Virtues of the Wide Path

We’ve lately focused our dog walks in places like this, with generously wide paths.  In late April we encountered an extremely angry rattlesnake. It was less than a foot away, hiding in a shallow hole filled with dry weeds–a hole we’re familiar with and which we always step over with care. So we’ve been choosing alternative locations, especially keeping to wider, more open paths.

This path winds through a California native garden which is the “backyard” of the nearby ranger station.  While April is the start of rattlesnake season, May is the month for these matilija poppies.

These giants of the poppy world are astonishing in size. Blossoms are as large a small woman’s hand.
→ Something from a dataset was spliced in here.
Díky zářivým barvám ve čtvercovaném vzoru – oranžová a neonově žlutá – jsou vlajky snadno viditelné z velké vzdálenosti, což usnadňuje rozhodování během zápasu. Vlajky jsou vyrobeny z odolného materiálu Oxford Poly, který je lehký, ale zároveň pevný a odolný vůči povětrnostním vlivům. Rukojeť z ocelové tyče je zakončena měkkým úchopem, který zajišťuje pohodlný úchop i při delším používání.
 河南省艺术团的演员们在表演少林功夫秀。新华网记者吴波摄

Here’s one of my dog walking buddies. As you can see, the matilija is as tall as this small woman. Walking this poppy patch delighted us as if we were children in a maze.
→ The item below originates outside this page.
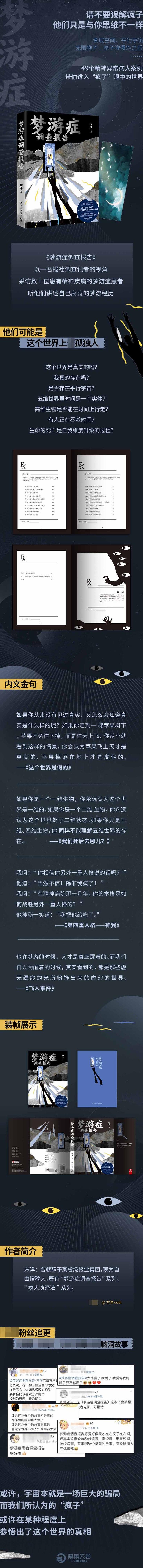 Da perspectiva de um repórter investigativo de jornal, "Sleepwalking Investigation Report" entrevista dezenas de sonâmbulos com doenças mentais e ouve suas experiências bizarras de sonambulismo. As conversas abrangem filosofia, psicologia, biologia, relatividade, física quântica... As declarações desses pacientes abrangem uma ampla gama de disciplinas, e muitas de suas visões estão além do escopo da cognição das pessoas comuns. Este mundo é real? Eu realmente existo? Existem universos paralelos? O tempo é uma entidade no mundo de cinco dimensões? Criaturas de alta dimensão podem andar no tempo? Alguém está devorando o tempo? A morte da vida é um processo de atualização autodimensional? ………… Talvez o universo seja uma grande farsa. E o "louco" em que pensamos pode ter percebido a verdade deste mundo até certo ponto.
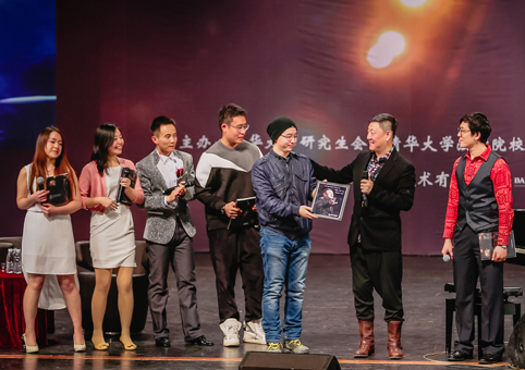 学生代表潘正道向韩磊赠送当晚演出现场照片。

Another sign of the start of the dreaded summer is are fire fighters training for the coming season.

By 9am it’s already unpleasantly hot. I don’t know how these men tolerate it.
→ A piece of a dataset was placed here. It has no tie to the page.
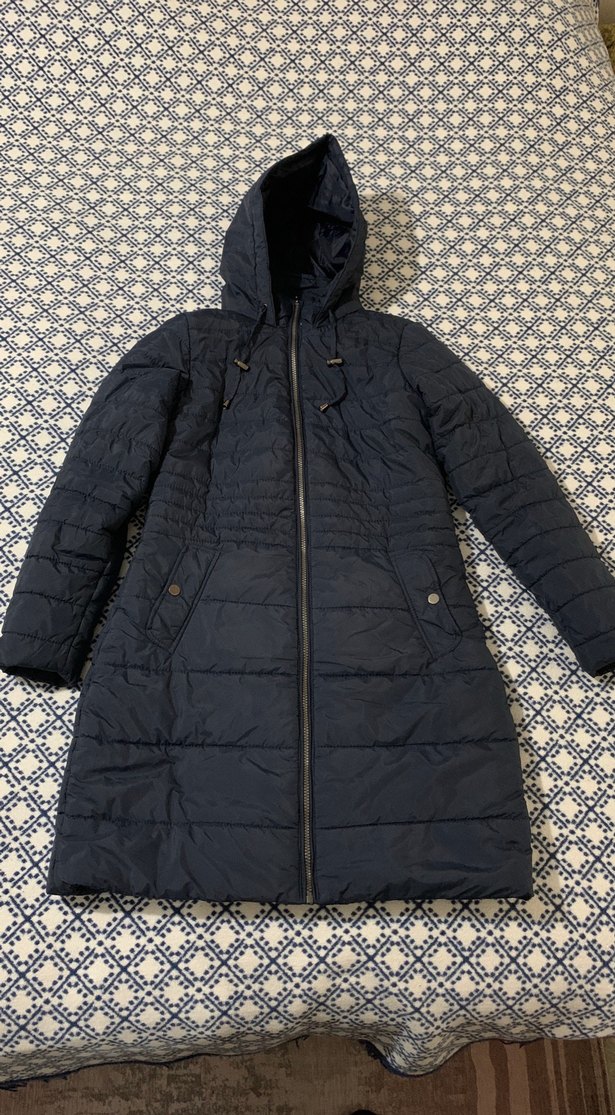 Lacivert renkli, kapüşonlu, uzun kollu kadın kışlık mont. Fermuarlı ve çıtçıtlı cepleri bulunan, rahat sentetik kumaştan üretilmiş günlük kullanıma uygun mont. diz üstü boydadır

Our usual walk in this national forest is a trail through canyon created by high shrubs & low trees, but that particular path is much too overgrown now. Our alternate is this road up the hill to the water storage tower. An excellent choice for an early (but not late) morning walk.

7 thoughts on “Virtues of the Wide Path

    1. It really is quite beautiful, and I very much enjoy going there. Further up the road are additional lovely areas you’d like, with a nice stream called Lytle Creek. In winter there’s quite a bit of water, and the dogs love it. Just at the edge of the campground is the Blue Cut Fire burn area. They stopped the fire just at the edge of the road. I must take you up there when you visit!